Jest w Polsce taki sklep, w którym ceny wcale nie wzrosły. Kupuje w nim minister Anna Moskwa. I chyba tylko ona

Państwo Zakupy Dołącz do dyskusji
Jest w Polsce taki sklep, w którym ceny wcale nie wzrosły. Kupuje w nim minister Anna Moskwa. I chyba tylko ona

Za siedmioma górami, za siedmioma lasami jest sobie sklep w którym kupuje Anna Moskwa. Klienci i obsługa są wiecznie uśmiechnięci. Trudno się dziwić – to sklep odporny na inflację, gdzie ceny w ogóle nie wzrosły, mimo że wszędzie poszły w górę. Wciąż czekamy aż minister klimatu i środowiska zdradzi nam adres tego wyjątkowego miejsca.

Sklep w którym kupuje Anna Moskwa

Uważacie, że w Polsce jest coraz droższa żywność? To nieprawda, po prostu wybieracie złe miejsca na zakupy. Minister klimatu i środowiska Anna Moskwa w poniedziałkowy wieczór na antenie Polsat News, pytana przez Bogdana Rymanowskiego czy bolą ją ceny na paragonach, odpowiedziała tak:

Robimy zakupy poza siecią, w lokalnym sklepie, gdzie te ceny się nie zmieniły, za co jesteśmy też wdzięczni lokalnemu dostawcy.

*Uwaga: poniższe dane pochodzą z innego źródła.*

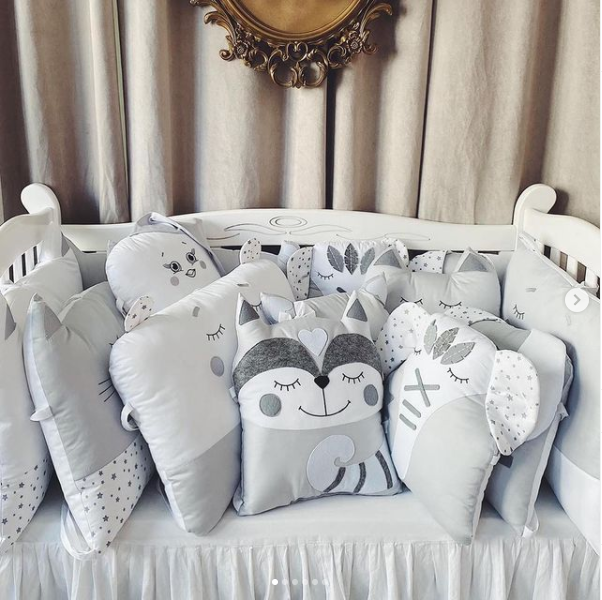 Bettumrandung für 3 Bettseiten besteht aus Kissen

Wspaniale, prawda? Czyli to mityczne miejsce, którego inflacja nie dosięga, faktycznie istnieje! A ja głupi poszedłem wczoraj do marketu na swoim osiedlu i jak ostatni frajer kupiłem 10 jaj, których opakowanie w ciągu tygodnia zdrożało o 2 złote. Nie mówiąc już o przykładowych parówkach, które średnio co miesiąc idą w górę o złotówkę.

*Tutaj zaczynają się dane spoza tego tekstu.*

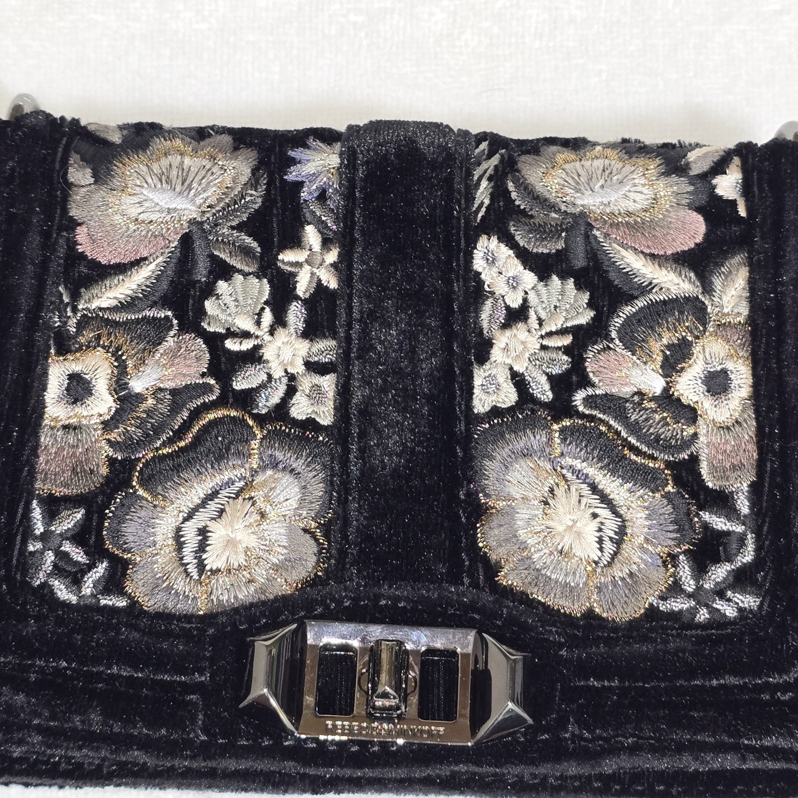- Rebecca Minkoff Black Velvet Embroidered Floral Love Crossbody Clutch Bag READ

https://twitter.com/gfkot/status/1650574291082043408?s=20

Pani minister, gdzie ten sklep?

Zastanówmy się co to może być za sklep, w którym lokalny dostawca przywozi towary po niezmienionych cenach, więc jego właściciele również nie muszą ich windować. Nasuwają mi się dwie odpowiedzi. Pierwsza: to ten słynny sklep, w którym w 2017 roku premier Mateusz Morawiecki kupował litrowy sok Tymbark za 2 złote albo napój energetyczny za zeta. Sklep był co prawda po prostu elementem Kongresu 590, gdzie jedna z sieci dyskontowych urządziła dla uczestników takie ultrazniżkowe stoisko. Ale zdjęcia ówczesnego wicepremiera zrobiły furorę w sieci, wszak kogo jak kogo ale byłego prezesa BZ WBK chyba stać na normalne zakupy, nawet podczas wyjazdowego kongresu.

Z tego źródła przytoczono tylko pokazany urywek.